譬如,我们中国哲学专业的学者研究老子,主要会从诸如道、德、无名、有名、自然、无为,“道法自然”“道常无名”“反者道之动”等基本的概念和命题入手,用一种“载之空言”,单纯逻辑分析的方式,来叙述和建构老子的哲学系统。刘先生谈老子的“道”论,入手处便与此不同。先生对逻辑分析的方法也有很纯熟的运用,但同时又把这种逻辑的分析落实在一种历史性的展开活动中来揭示其具体的内涵。黑格尔否定中国有哲学。在《哲学史讲演录》中,他对孔子、《易经》、老子思想的评价都很低。黑格尔把老子的“道”理解为一种“无”或“虚无”,认为它只是一种抽象的普遍性。国内学者受此影响,也常常用“无规定性”“内涵几乎为零”这一类说法来解释老子的“道”。刘先生作《试说之“道”及其中含蕴的历史观》[2]一文,针对的就是黑格尔对老子的这种误解。刘先生反对黑格尔把老子的“道”理解为一种抽象普遍性的说法,转而从历史性的角度诠释“道”这一概念。先生强调,老子的“道”既非希腊哲学“本质主义”意义上的本体,亦非黑格尔所理解的那种“无”或“虚无”的抽象普遍性。刘先生特别重视老子哲学“德”这一观念之关联“道”与社会历史过程的枢纽作用,认为“德”这一观念,包含着人的意识之自觉的内涵,而表现为社会整体与个体自觉的分化,由此生发仁、义、礼的社会伦理过程,人的历史性由此而得以展开。“‘道”经由‘德’而在人类社会中显示了具体功能与作用。”而“‘德’既是人事历史存在之根据,又是人们评价人事历史的价值标准。”先生认为,老子这个道、德、仁、义、礼的历史性展开,正与韩非子所谓“上古竞于道德,中世逐于智谋,当今争于气力”的历史三阶段说相应。先生运用这种哲学与史学互诠的方法,揭示了老子的“道”作为即历史性展开的整体性及其具体普遍性的内涵,既有力地驳正了黑格尔对老子道论的误解论周易的哲学思想论文,又将老子的“道”与希腊哲学本质主义的实体说区分开来,凸显了中国哲学形上学的精神特质。
就我所见,刘先生对诸如以史为鉴、历史连续性与统一性、中国文明特征等问题的研究,都内在贯通了这一哲学与史学互诠的精神。

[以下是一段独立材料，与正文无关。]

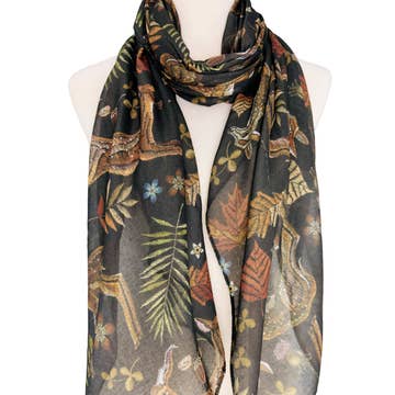 Charcoal grey bamboo scarf with hand-printed gold tropical leaves pattern. This is a super-soft and comfy charcoal-grey scarf, made from eco-friendly bamboo-cotton blend fabric, hand-silkscreened with my original hand-painted tropical leaves pattern design in metallic gold ink. Scarf measures approx. 56" x 18", long enough to wrap around the neck twice, or tie in a dozen different beautiful styles. Scarf edges are raw, unhemmed, fabric will curl at the edges.
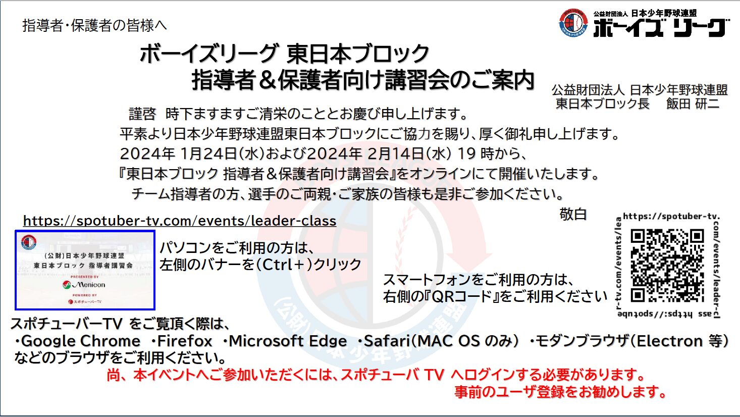 ボーイズリーグ東日本ブロック 指導者&保護者向け講習会のご案内
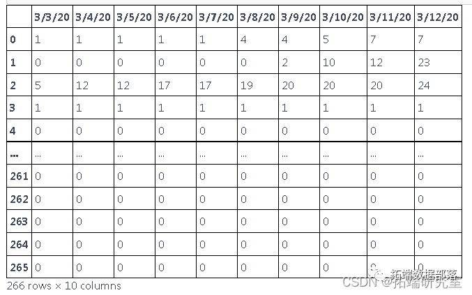 此表中的数据以累积的形式呈现,为了找出每天的新病例,我们需要减去这些值

古人言学,不作空言无实之论。孔子说:“我欲载之空言,不如见之于行事之深切著明也。”[3]孔子以六艺教人,而又特重《易》与《春秋》。《春秋》是史,《易》则涵括古人的日常生活之道和生存的智慧。孔子重视《易》与《春秋》,乃因其坚信形上之道和价值的理念,不能徒托空言,必由夫具体的史实与人的生命历程的展开,方能深切著明而达乎人心。孔子所开创的这一思想和学术传统,体现了一种“通人通儒”[4]的精神。现代以来,中国思想学术的研究,经历现代的转型,成为一种依循西方学术模式的分科之学。老一代学者,备具传统的学养与教养,现代学科之“分”不碍其“通”,因而不失其学术原创性的基础与动力。窃以为,刘先生的学术,就很好的体现了这样一种中国思想学术之“通”的精神。后来学者,未经传统学术之“通”性的奠基,而遽然各处其分科,是其学不能无弊。如言哲学者,长于论理,却蔽于空言无实,而无关乎世道人心。自己出身哲学,早期教育环境也很差,故亦不能无此弊。我本科时对西方哲学特别有兴趣,硕士时读中国哲学,也习惯于用西方哲学的概念来分析中国的哲学思想。记得我的老师乌恩溥先生对我的一篇关于《周易》的课程论文,做过一个六字批语:“给古人穿西装”。这个评语对我的冲击,不啻一记当头棒喝,也促使我对自己的学术思考和表述方式作一番深切的反思。后来我选择到吉大古籍所跟金老读先秦史专业的博士,这也是一个重要的因素。一个人由大的学术背景和特殊经历所形成的偏好,虽很难有根本的改变,却可以得到一些有意识的矫正。刘先生的学术博大精深,非我辈所能置评,自己在哲学与史学关系这一方面于刘先生学术的领会,不管准确与否,都是与自己习学经历的反思及由之而来的问题意识密切相关的。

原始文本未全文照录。